#### Source information:
+ + + + +

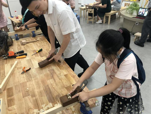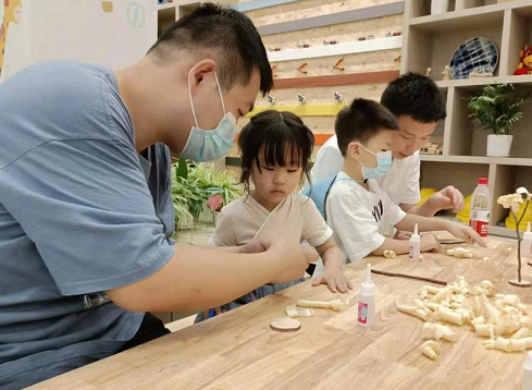 活动最后,社工邀请小朋友们一同参与创意手工——刨花玫瑰的制作。利用刨子让刀刃与木头亲密接触,使原本坚固的木头变成一片片美丽的刨花。再用剪刀裁剪成玫瑰花瓣的形状,然后用酒精胶将这些“花瓣”一层一层粘贴在细长的小树枝,一朵别致的刨花玫瑰花就完成啦!
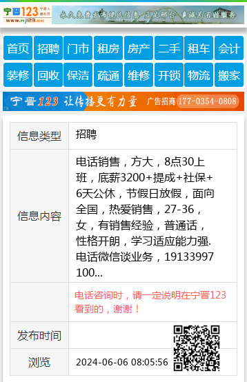 电话销售,方大,8点30上班,底薪3200+提成+社保+6天公休,节假日放假,面向全国,热爱销售,27-36,女,有销售经验,普通话,性格开朗,学习适应能力强.电话微信谈业务,19133997100 【电话咨询时,请一定说明在宁晋123看到的,谢谢!】 |
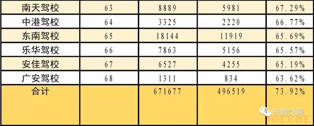 为提升东莞各驾校的教学质量,给广大考驾照的市民营造良好的学习环境,近日,东莞交通部门整理了我市今年1-6月份驾驶员培训机构考试质量,以及我市驾驶员考试的总体情况。
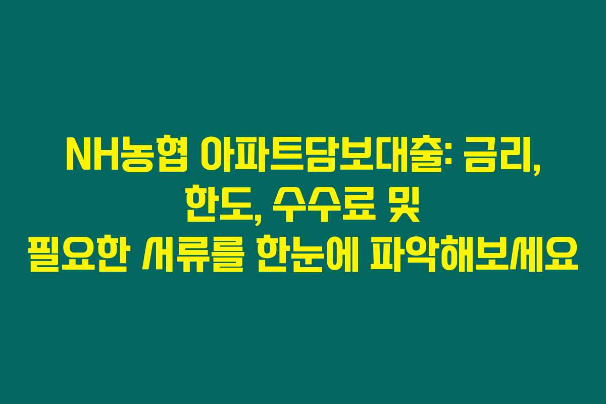 NH농협 아파트담보대출: 금리, 한도, 수수료 및 필요한 서류를 한눈에 파악해보세요
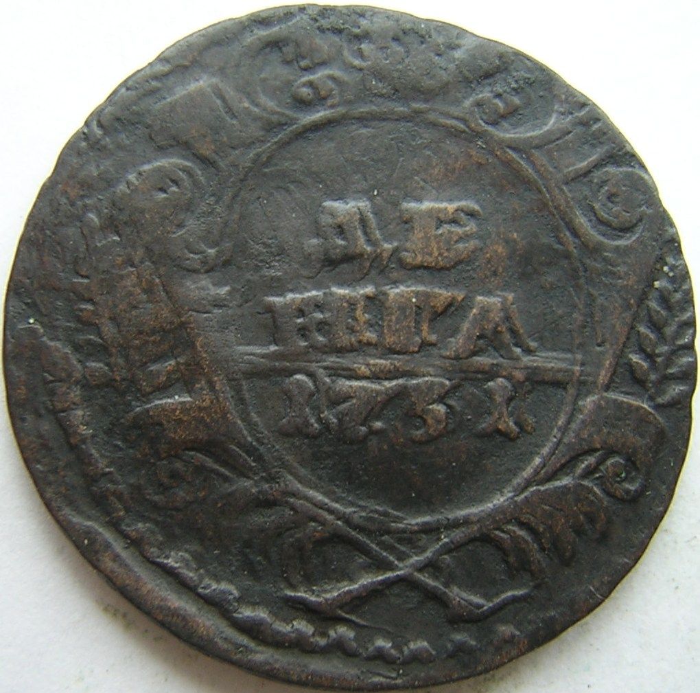 Деньга 1731 года, выпуска Красного МД. Сдвоенный реверс 1-го шаблона при тиснении монеты. Фото прилагаю.
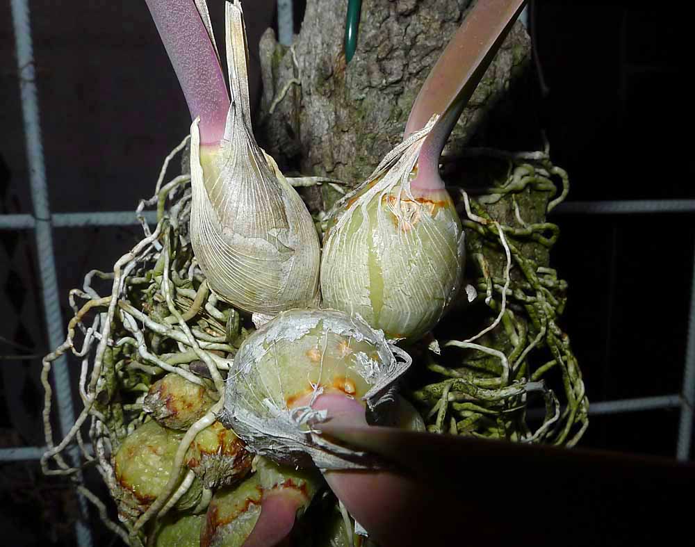 Rozhodující bude letošek, do jaké míry rostliny nasadí na květ. Třeba ten velký trs rozjíždí 5 výhonů a pahlízy má stejné. Stále nevím jestli se dá podle průřezu poznat jestli v nich budou květy, ale připadá mi že ano. To bych viděl jako úspěch. Přitom tam byly květy 14 dní a i semeník se vyvíjel. Rostlinu nic neoslabilo protože je roky zakořeněná na větvi. U těch třech vzorků z Mex. ale kvetení způsobilo, že nové pahlízy jsou o poznání menší než ty loňské. Jsou to ale rostliny které byly pouze jeden rok přikořeněné a tak měly málo kořenů. Po loňské sezoně mají ale kořenů 3x tolik. Tak snad již budou dostatečně silné aby je kvetení neoslabilo. Někde jsem četl že L. speciosa v kultuře kvete většinou ob rok, pokud tedy kvete. Bude to mít asi souvislost s tím vysílením kvetením. Takže pokud letos nenasadí tak do příště zesílí sama. Pokud nasadí tak budu pozorovat vývoj nového výhonu a pak podle jeho síly zvolím dobu kdy květ odstřihnu.Paphio píše:Tomu se dá do značné míry odpomoci odříznutím vyzrálého květu. Nějakou cizí ženu by určitě potěšil.zaruba píše:Rostlinu hodně vysiluje kvetení takže po květech pahlízy narůstají o poznání menší než na místech kde rostlina nekvetla. To ale je tak asi u většiny orchidejí.Paphio píše:.
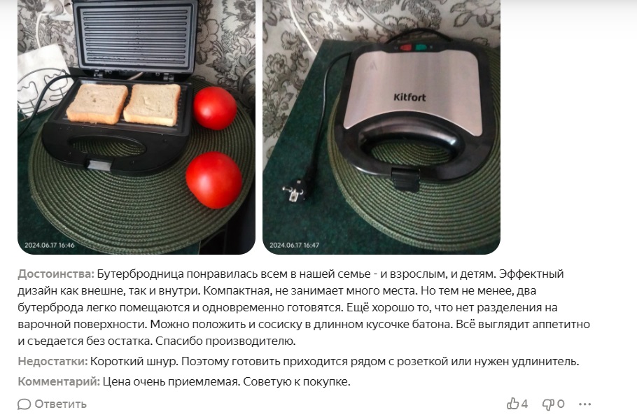 Отзывов кстати много. На скрине ниже размер можно оценить, два тостерных кусочка влезает спокойно.
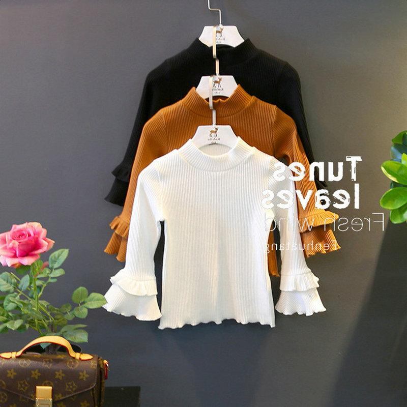 子供服 ニット 女の子 ニットトップス ハーフハイネック ベルスリーブ カットソー 3歳 4歳 5歳 6歳 7歳 8歳 厚手 春秋 ブラック コーヒー ホワイト
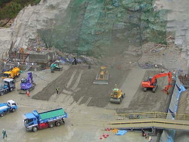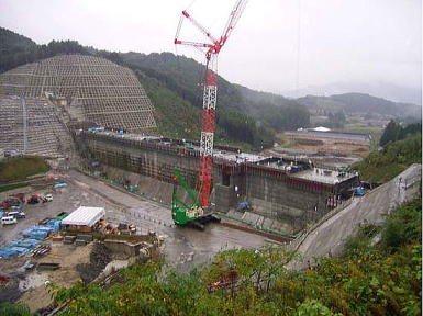 井手口川ダム堤体施工状況(右岸側見学台より望む)
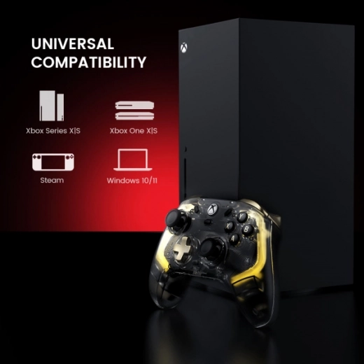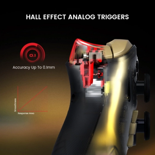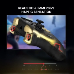 De controller is geautoriseerd voor XBOX en gebruikt Hall-effecttechnologie voor een lange levensduur zonder drift. Analoge triggers met een soepele slag registreren exact de drukdiepte – ideaal voor race- en actiegames. Vier vibratiemotoren (in de grepen en in de triggers) leveren een realistische haptische feedback.
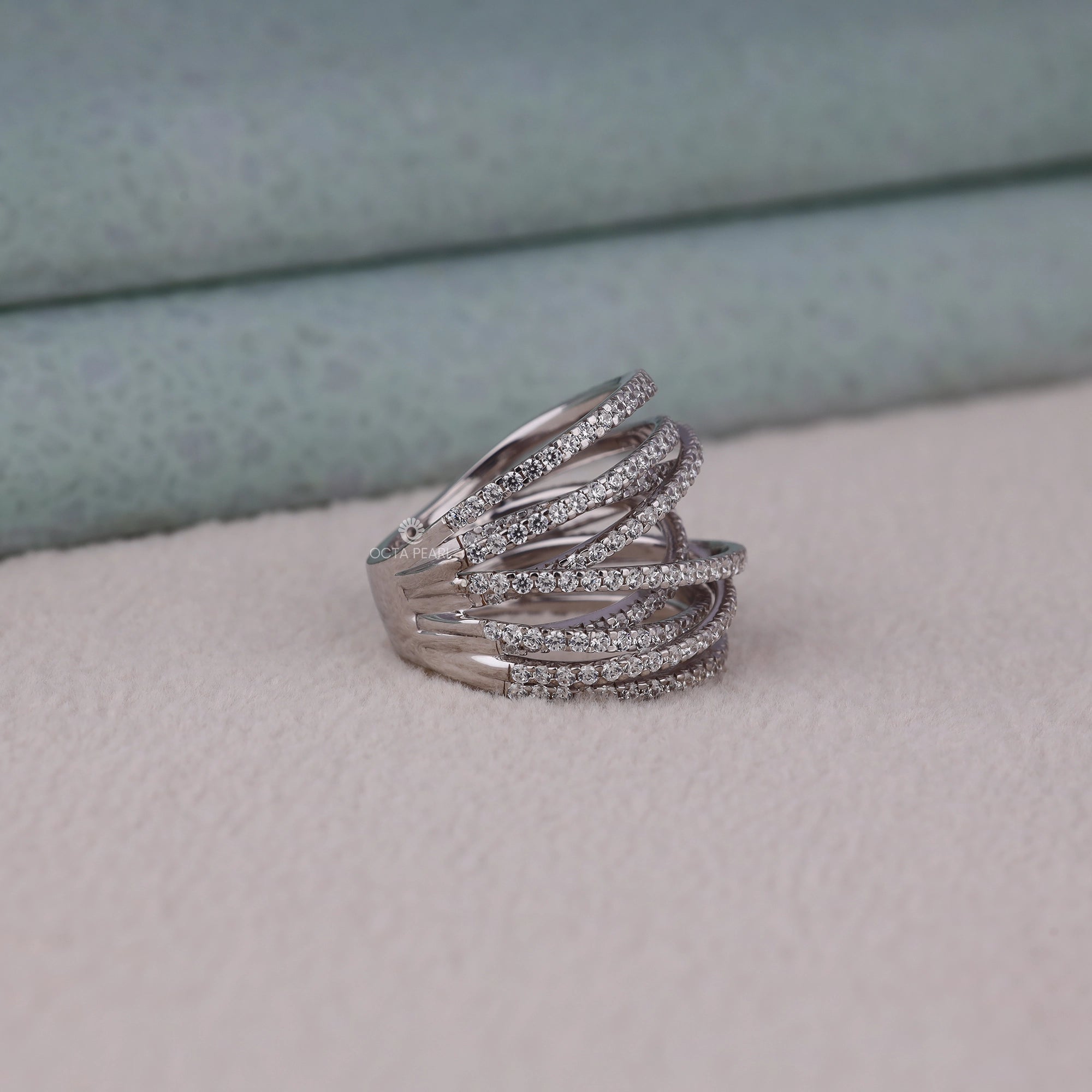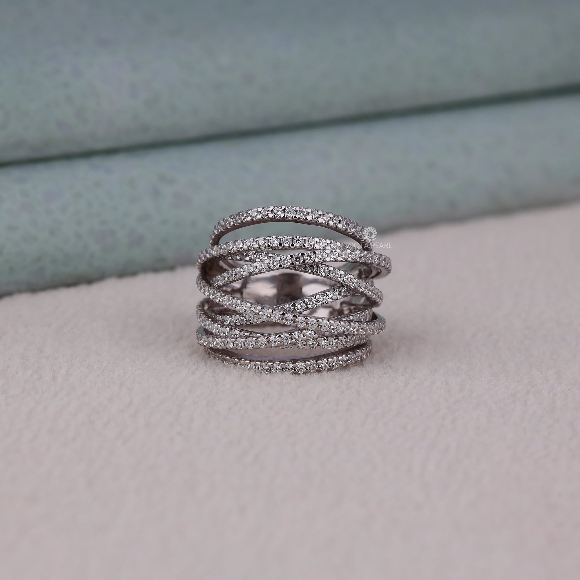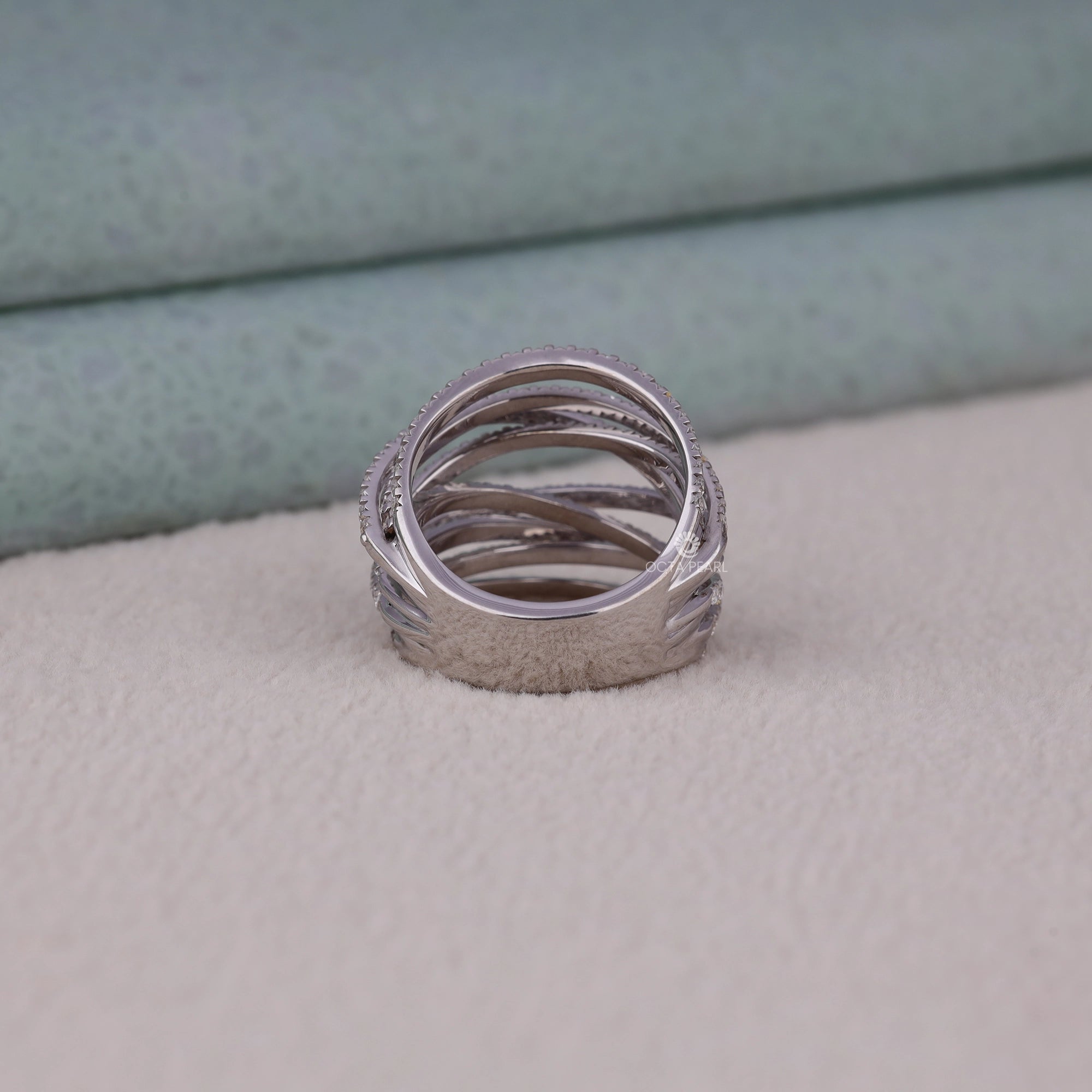 A bold expression of elegance, this multi-layer Moissanite Diamond ring is designed to captivate from every angle. Featuring gracefully intertwined bands adorned with brilliant Moissanite stones, it creates a stunning illusion of stacked luxury in a single masterpiece. Perfect for modern women who love statement jewelry with timeless sparkle, this ring adds sophistication to both everyday looks and special occasions.

+ + + + +

Starting with the top line, write out all the data above exactly; keep the pictures out.

 活动最后,社工邀请小朋友们一同参与创意手工——刨花玫瑰的制作。利用刨子让刀刃与木头亲密接触,使原本坚固的木头变成一片片美丽的刨花。再用剪刀裁剪成玫瑰花瓣的形状,然后用酒精胶将这些“花瓣”一层一层粘贴在细长的小树枝,一朵别致的刨花玫瑰花就完成啦!
 电话销售,方大,8点30上班,底薪3200+提成+社保+6天公休,节假日放假,面向全国,热爱销售,27-36,女,有销售经验,普通话,性格开朗,学习适应能力强.电话微信谈业务,19133997100 【电话咨询时,请一定说明在宁晋123看到的,谢谢!】 |
 为提升东莞各驾校的教学质量,给广大考驾照的市民营造良好的学习环境,近日,东莞交通部门整理了我市今年1-6月份驾驶员培训机构考试质量,以及我市驾驶员考试的总体情况。
 NH농협 아파트담보대출: 금리, 한도, 수수료 및 필요한 서류를 한눈에 파악해보세요
 Деньга 1731 года, выпуска Красного МД. Сдвоенный реверс 1-го шаблона при тиснении монеты. Фото прилагаю.
 Rozhodující bude letošek, do jaké míry rostliny nasadí na květ. Třeba ten velký trs rozjíždí 5 výhonů a pahlízy má stejné. Stále nevím jestli se dá podle průřezu poznat jestli v nich budou květy, ale připadá mi že ano. To bych viděl jako úspěch. Přitom tam byly květy 14 dní a i semeník se vyvíjel. Rostlinu nic neoslabilo protože je roky zakořeněná na větvi. U těch třech vzorků z Mex. ale kvetení způsobilo, že nové pahlízy jsou o poznání menší než ty loňské. Jsou to ale rostliny které byly pouze jeden rok přikořeněné a tak měly málo kořenů. Po loňské sezoně mají ale kořenů 3x tolik. Tak snad již budou dostatečně silné aby je kvetení neoslabilo. Někde jsem četl že L. speciosa v kultuře kvete většinou ob rok, pokud tedy kvete. Bude to mít asi souvislost s tím vysílením kvetením. Takže pokud letos nenasadí tak do příště zesílí sama. Pokud nasadí tak budu pozorovat vývoj nového výhonu a pak podle jeho síly zvolím dobu kdy květ odstřihnu.Paphio píše:Tomu se dá do značné míry odpomoci odříznutím vyzrálého květu. Nějakou cizí ženu by určitě potěšil.zaruba píše:Rostlinu hodně vysiluje kvetení takže po květech pahlízy narůstají o poznání menší než na místech kde rostlina nekvetla. To ale je tak asi u většiny orchidejí.Paphio píše:.
 Отзывов кстати много. На скрине ниже размер можно оценить, два тостерных кусочка влезает спокойно.
 子供服 ニット 女の子 ニットトップス ハーフハイネック ベルスリーブ カットソー 3歳 4歳 5歳 6歳 7歳 8歳 厚手 春秋 ブラック コーヒー ホワイト
 井手口川ダム堤体施工状況(右岸側見学台より望む)
 De controller is geautoriseerd voor XBOX en gebruikt Hall-effecttechnologie voor een lange levensduur zonder drift. Analoge triggers met een soepele slag registreren exact de drukdiepte – ideaal voor race- en actiegames. Vier vibratiemotoren (in de grepen en in de triggers) leveren een realistische haptische feedback.
 A bold expression of elegance, this multi-layer Moissanite Diamond ring is designed to captivate from every angle. Featuring gracefully intertwined bands adorned with brilliant Moissanite stones, it creates a stunning illusion of stacked luxury in a single masterpiece. Perfect for modern women who love statement jewelry with timeless sparkle, this ring adds sophistication to both everyday looks and special occasions.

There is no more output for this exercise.